Moderne Quartiere brauchen die Transformation
Innovative Wohnviertel stellen auf erneuerbare Energie um / Wissenschaftliche Unterstützung durch mathematische Optimierungsverfahren
Klimaneutrale Städte entwickeln sich nicht automatisch, denn die Herausforderungen sind groß: Sie brauchen wirtschaftliche und innovative Versorgungskonzepte für Strom und Wärme. Da sind Entscheidungshilfen gefragt, wie die Transformation von Erzeugung und Versorgung mit den Infrastrukturen gelingen kann. Für eine zukunftsweisende Quartiersentwicklung setzt sich die Fraunhofer-Einrichtung für Energieinfrastrukturen und Geothermie IEG ein.

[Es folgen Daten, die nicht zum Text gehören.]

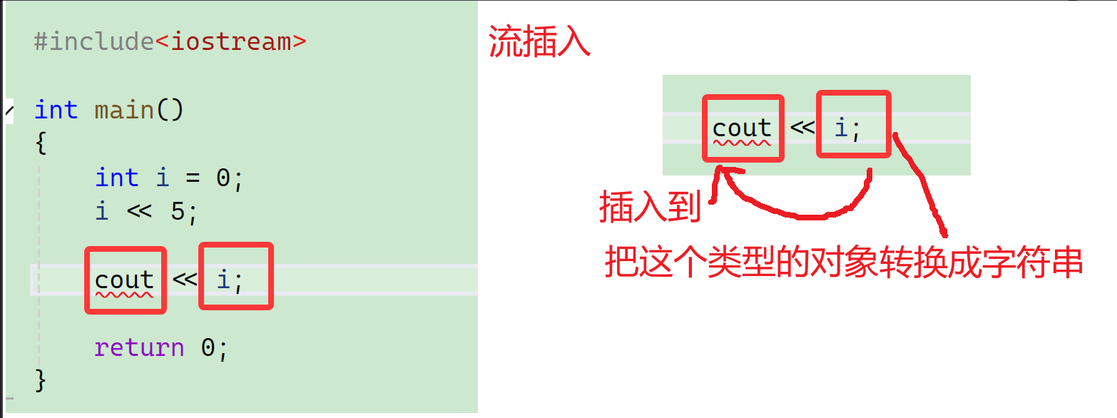 比如说把i这个类型的对象转换成字符串插入到cout里面去,然后输出: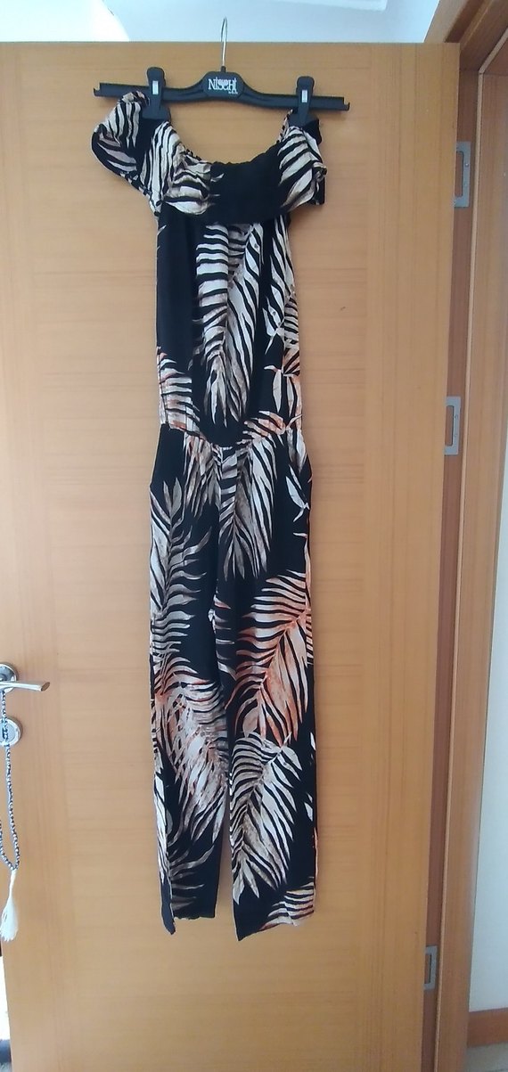 Kadınlar için straplez yada yakasızda , bol kesim ve drapeli tasarıma sahip önden cep detaylı yazlık kumaştan yapılmış çok renkli uzun tulum. Sokak stili için uygun.

Weg von fossilen Energieträgern und hin zu erneuerbaren Energien: So lautet die Aufgabe in verstärktem Maß für die Kommunen. Mit innovativen Tools will das Fraunhofer IEG die Kommunen dabei unterstützen, Wohnquartiere mit 100 Prozent erneuerbarer Energie auszustatten. „Unterscheiden muss man bei der Energieplanung eines Quartiers zwischen Neubau und Sanierung“, erläutert Anette Anthrakidis. Die operative Leiterin des Teams „Integrierte Quartiersplanung“ beim Fraunhofer IEG sieht bei der Sanierung die Bestandsanalyse an erster Stelle. Daraus erst kann der Wärmebedarf abgeleitet werden.
Dafür nehmen die Wissenschaftler nicht nur den Tagesbedarf in den Blick, sondern berechnen ebenso den saisonalen Verlauf. „Daraus kann die Empfehlung für einen Wärmenetzanschluss oder dezentrale Lösungen wie Wärmepumpen auf techno-ökonomischer Basis abgeleitet werden“, sagt Anthrakidis. In die Potenzialanalyse kann auch die Nutzung von Abwärme beispielsweise aus der Industrie als Option einfließen.
Beim Neubau müssen die generellen Versorgungsoptionen geprüft werden. Der Blick fällt dann auch auf die Frage nach einer sinnvollen Verknüpfung der Energiesektoren. Mit den Nutzungsprofilen wird anschließend ein Versorgungskonzept entwickelt. Darin müssen auch die unterschiedlichen Nutzungstypen berücksichtigt werden: Gibt es beispielsweise einen Kindergarten, Schulen oder eine Arztpraxis?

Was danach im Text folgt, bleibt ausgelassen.